В конюшне не было ни души. На звучный хозяйский зов явились кучер и конюхи, отдыхавшие в помещении над стойлами.
– Оседлать Фэрайл!
– Будет исполнено, сэр.
Конюхи поспешно принялись за дело, видя, что хозяин не в духе, и зная, что глазеть на него в такой момент – значит нарываться на неприятности. Не торопился один лишь кучер Армор, уставший после длительной поездки. К тому же происшествие у ворот завода потрясло его больше, чем он был готов признаться. И вот теперь, почти в девять вечера, хозяин требует седлать лошадь! Ситуацию спасало одно: Фэрайл хорошо отдохнула. Она провела в стойле два дня и была готова мчаться даже в темноту.
Легрендж сел на выведенную во двор лошадь и тут же пустил ее галопом по западной аллее. Это тоже противоречило правилам; Армору пришлось распорядиться, чтобы поутру кто-нибудь прошелся по аллее и устранил рытвины.
Сторож тоже был застигнут врасплох требованием открыть ворота. Когда он, пользуясь привилегией давнего слуги, помнящего еще деда хозяйки, заговорил первым, выразив уверенность, что в доме все в порядке, хозяин удостоил его убийственным взглядом, свидетельствующим о том, что он пребывает не в духе и готов любого стереть в порошок.
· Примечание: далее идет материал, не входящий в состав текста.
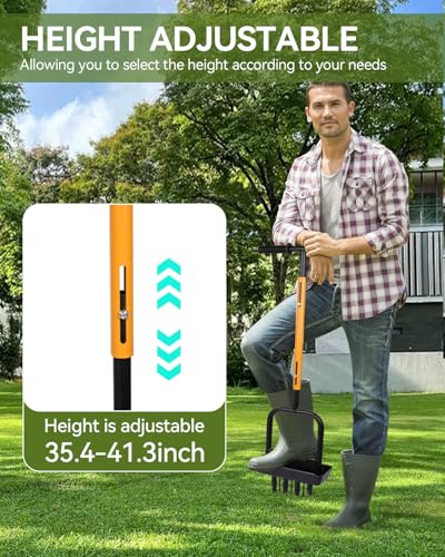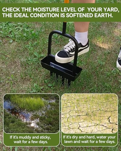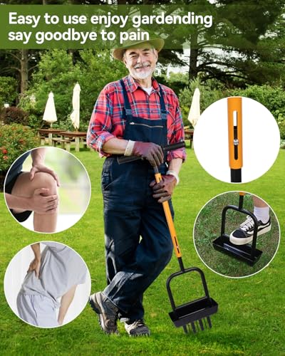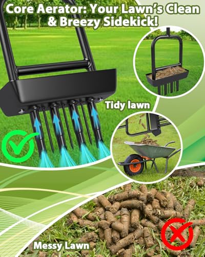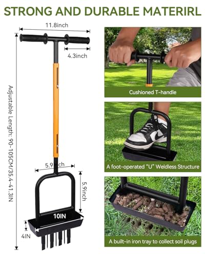 The Manual Lawn Aerator Tool is designed for efficient aeration, featuring a combination of 4 core ventilation spikes and 3 solid spikes to enhance soil breathability and nutrient absorption for healthy plant growth. Its one-inch diameter spikes help prevent clogging, and a cleaning tool is included for easy maintenance. The aerator comes with a Soil Core Storage Tray that collects soil cores, ensuring an organized cleanup process. With adjustable height from 35.4 to 41.3 inches to accommodate users of different heights, its wider foot design allows for easy use even with work boots. The soft rubber handle enhances comfort and reduces fatigue during use. It is advisable to soften soil ahead of aeration after rainfall or when the ground is hard, leading to a more effective aeration process.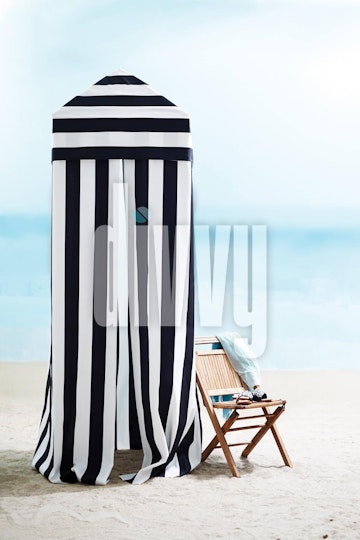 Black and White Striped Dressing Tent on a Beach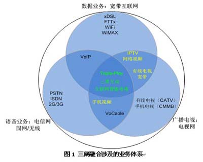 這種沖擊表現(xiàn)在信息通信領(lǐng)域的“時(shí)移事易”上,一個(gè)是在時(shí)間維度上,一個(gè)是在影響產(chǎn)業(yè)發(fā)展重大事件的維度上。其長(zhǎng)期累積的結(jié)果是,當(dāng)前全球范圍內(nèi)影響最大、最深遠(yuǎn)的莫過(guò)于寬帶網(wǎng)絡(luò)成為國(guó)家的信息化基礎(chǔ)設(shè)施。寬帶的普及深刻的影響和推動(dòng)了以TCP/IP為技術(shù)基礎(chǔ)的“三重播放”和在市場(chǎng)競(jìng)爭(zhēng)層面的“多重捆綁”業(yè)務(wù)營(yíng)銷(xiāo)策略,這構(gòu)成了三網(wǎng)融合最基本的內(nèi)容,隨之帶動(dòng)了近年已成為業(yè)界關(guān)注焦點(diǎn)的視頻業(yè)務(wù)向“一云三網(wǎng)多屏”的方向發(fā)展?傊录夹g(shù)和新產(chǎn)業(yè)發(fā)展導(dǎo)致傳統(tǒng)的電信業(yè)和廣播電視業(yè)從封閉逐步走向開(kāi)放,渠道、內(nèi)容、消費(fèi)者偏好均從單一走向多元;對(duì)消費(fèi)者而言,信息的流動(dòng)從單向變?yōu)殡p向和多向,新媒體、全媒體、自媒體在社會(huì)上的份量快速上升。 而來(lái)自市場(chǎng)的需求變化是:過(guò)去那種內(nèi)容和服務(wù)緊密捆綁于網(wǎng)絡(luò)的業(yè)務(wù)模式被開(kāi)放的互聯(lián)網(wǎng)沖擊得疲于招架,網(wǎng)絡(luò)和渠道的地位不斷下降,處于底層的網(wǎng)絡(luò)整合開(kāi)始朝著契合于上層內(nèi)容和應(yīng)用整合的方向發(fā)展;內(nèi)容和應(yīng)用成為產(chǎn)業(yè)發(fā)展的新重心,傳統(tǒng)運(yùn)營(yíng)商在挖潛增效做好“智能管道”的同時(shí),也希望借助三網(wǎng)融合躋身綜合信息服務(wù)領(lǐng)域。表現(xiàn)在網(wǎng)絡(luò)層面,傳統(tǒng)的電信業(yè)務(wù)大范圍地向?qū)拵P網(wǎng)上遷移;傳統(tǒng)的有線(xiàn)電視網(wǎng)進(jìn)軍新媒體,“電信化”色彩越來(lái)越強(qiáng)。在業(yè)務(wù)層面,如下圖示所,典型的融合業(yè)務(wù)如有線(xiàn)寬帶、IPTV、VoIP、手機(jī)視頻、互聯(lián)網(wǎng)智能電視等成為雙方競(jìng)爭(zhēng)的主陣地。

Легрендж съехал с дороги на вырубку и пустил лошадь вскачь по кочкам, приходя в себя от быстрой езды.
Через деревню Розиера он проехал уже в сумерках. Мужчины сидели на корточках в пыли перед домами, женщины устроились на ступеньках, широко распахнув вороты платьев, чтобы прохладный вечерний ветерок освежал их потные тела, дети были заняты играми. Завидя его, все прервали свои занятия. Он знал, что его называют Легренджем-игроком, готовым поставить на карту все что угодно, вплоть до последней лягушки и француза-«лягушатника», и был доволен такой репутацией.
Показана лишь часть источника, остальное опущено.